Hertha BSC feiert dramatischen Sieg – Rekordtor und Abschied eines Idols
José MartinHertha BSC feiert dramatischen Sieg – Rekordtor und Abschied eines Idols
Hertha BSC Berlin sichert sich dramatischen 2:1-Sieg gegen Greuther Fürth in der 2. Bundesliga – doch das Spiel stand im Schatten zweier großer Geschichten. Kennet Eichhorn schrieb Geschichte als jüngster Torschütze der Ligageschichte, während der Verein sich emotional von Langzeit-Verteidiger Toni Leistner verabschiedete. Zudem musste Hertha den Großteil der zweiten Halbzeit in Unterzahl bestreiten, nachdem ein Spieler des Feldes verwiesen worden war.
Das Spiel nahm für Hertha in der 32. Minute eine schwierige Wende, als Josip Brekalo die Rote Karte sah. Gezwungen, fast 60 Minuten mit zehn Mann zu spielen, hielt die Mannschaft stand. Ihre Widerstandsfähigkeit zahlte sich aus, als Kennet Eichhorn mit einem gekonnten Treffer die Führung erzielte – und von Teamkollege Fabian Reese als „König der Finten“ gefeiert wurde. Eichhorns Tor brach einen 39 Jahre alten Rekord: Mit 16 Jahren, 9 Monaten und 13 Tagen wurde er zum jüngsten Torschützen in der Geschichte der 2. Bundesliga – ganze 52 Tage jünger als Gunther Reeg, der den bisherigen Rekord 1985 aufgestellt hatte.
Michael Cuisance erhöhte mit dem 2:0, doch Noel Futkeu gelang in der 88. Minute noch der Anschlusstreffer für Greuther Fürth. Abseits des Platzes war der Tag emotional geprägt, denn die Hertha-Fans würdigten Toni Leistner in seinem letzten Spiel. Mit Transparenten und Gesängen verabschiedeten sie den Verteidiger, dessen Vertrag nicht verlängert wird. Obwohl seine aktive Karriere beim Verein endet, soll Leistner künftig eine neue Rolle innerhalb des Clubs übernehmen.
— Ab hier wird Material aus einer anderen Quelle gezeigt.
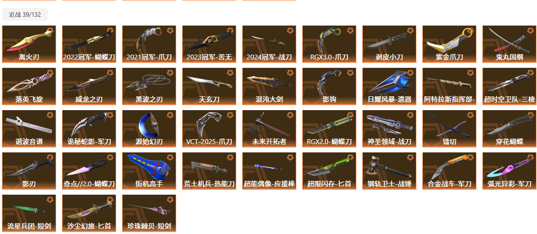 【拥有近战武器】阿特拉斯指挥部-甩棍,日耀风暴-遗器,诡秘蛇影-军刀,神圣领域-战刀,VCT-2025-爪刀,荒土机兵-热能刀,超限闪存-匕首,超能偶像-应援棒,流星兵团-短剑,珍珠棘贝-短剑,钢轨卫士-战锤,沙尘幻旅-匕首,弧光异彩-军刀,合金战车-军刀,离火刃,影钩,RGX-11z-Pro//2.0-蝴蝶刀,镭切,落英飞旋,紫金爪刀,剥皮小刀,穿花蝴蝶,

Eichhorns Rekordleistung hat das Interesse großer Vereine weiter gesteigert. Angesichts der finanziellen Probleme Herthas erscheint ein Transfer des jungen Talents immer wahrscheinlicher.
Der Sieg hält Herthas Aufwärtstrend in der 2. Bundesliga aufrecht, doch der Verein steht nun vor Entscheidungen auf zwei Ebenen: Während Eichhorns Zukunft angesichts wachsender externer Nachfrage ungewiss bleibt, markiert Leistners Wechsel in eine Funktion außerhalb des Platzes das Ende einer Ära. Beide Entwicklungen werden die kommenden Monate des Clubs prägen.